MILONTIN is a Antiepileptic that works by Increases seizure threshold by inhibiting voltage-gated sodium channels and enhancing GABAergic inhibition.. DIPHENYLAN SODIUM is a Antiepileptic that works by Phenytoin, the active component, stabilizes neuronal membranes by promoting sodium efflux and inhibiting sodium influx, thereby limiting the spread of seizure activity. It also reduces voltage-gated sodium channel activity.. They differ in pharmacokinetic profiles, FDA-approved indications, and side effect profiles.

2. Which is stronger: MILONTIN or DIPHENYLAN SODIUM?

Potency comparisons between MILONTIN and DIPHENYLAN SODIUM depend on the specific clinical indication. These are both Antiepileptic agents and are not directly interchangeable by dose. A physician or clinical pharmacist should guide any therapeutic switching decisions.
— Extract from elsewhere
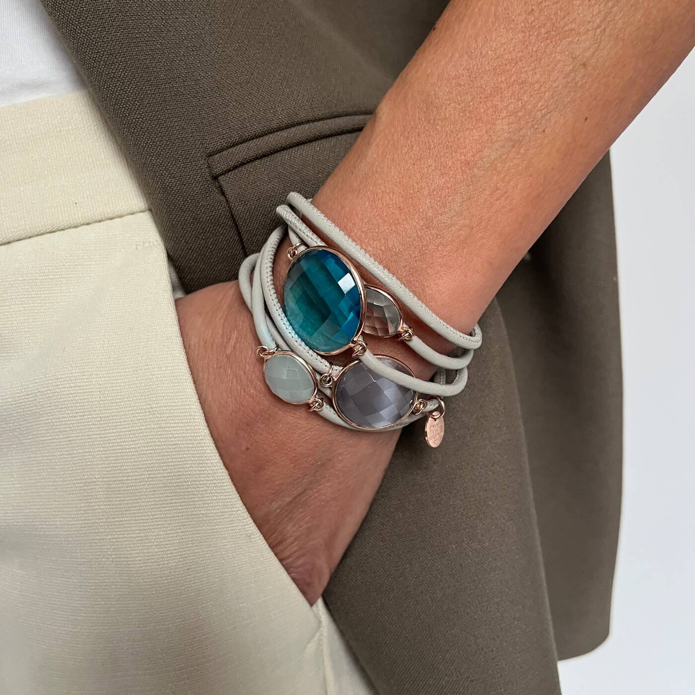 - Edelsteine: Blauer Topaz, grauer Mondstein, blauer Chalzedon

3. What is the standard dosing for MILONTIN vs DIPHENYLAN SODIUM?

The standard adult dose of MILONTIN is: Oral, 500 mg twice daily; may increase by 250-500 mg/day every 2-3 days; usual dose 1-2 g/day in 2-3 divided doses; maximum 3 g/day.. The standard adult dose of DIPHENYLAN SODIUM is: 100 mg orally every 8 hours. Dosing should always be individualized based on indication, renal and hepatic function, age, and other patient factors.

4. Can you take MILONTIN and DIPHENYLAN SODIUM together?

No direct drug-drug interaction has been formally documented between MILONTIN and DIPHENYLAN SODIUM in current clinical databases. However, individual patient risk factors including other medications, organ function, and comorbidities should always be evaluated by a qualified healthcare provider.

5. Are MILONTIN and DIPHENYLAN SODIUM safe during pregnancy?

The maternal-fetal safety profiles differ. MILONTIN is classified as Category C. Phensuximide (Milontin) is an older succinimide anticonvulsant. Human data are limited, but animal studies have shown teratogenic effects. The risk of major congenital malformation. DIPHENYLAN SODIUM is classified as Category C. First trimester: Increased risk of major congenital malformations including neural tube defects, cleft palate, and congenital heart defects. Second and third trimesters: Risks of b. Always consult a maternal-fetal medicine specialist before taking either drug during pregnancy or lactation.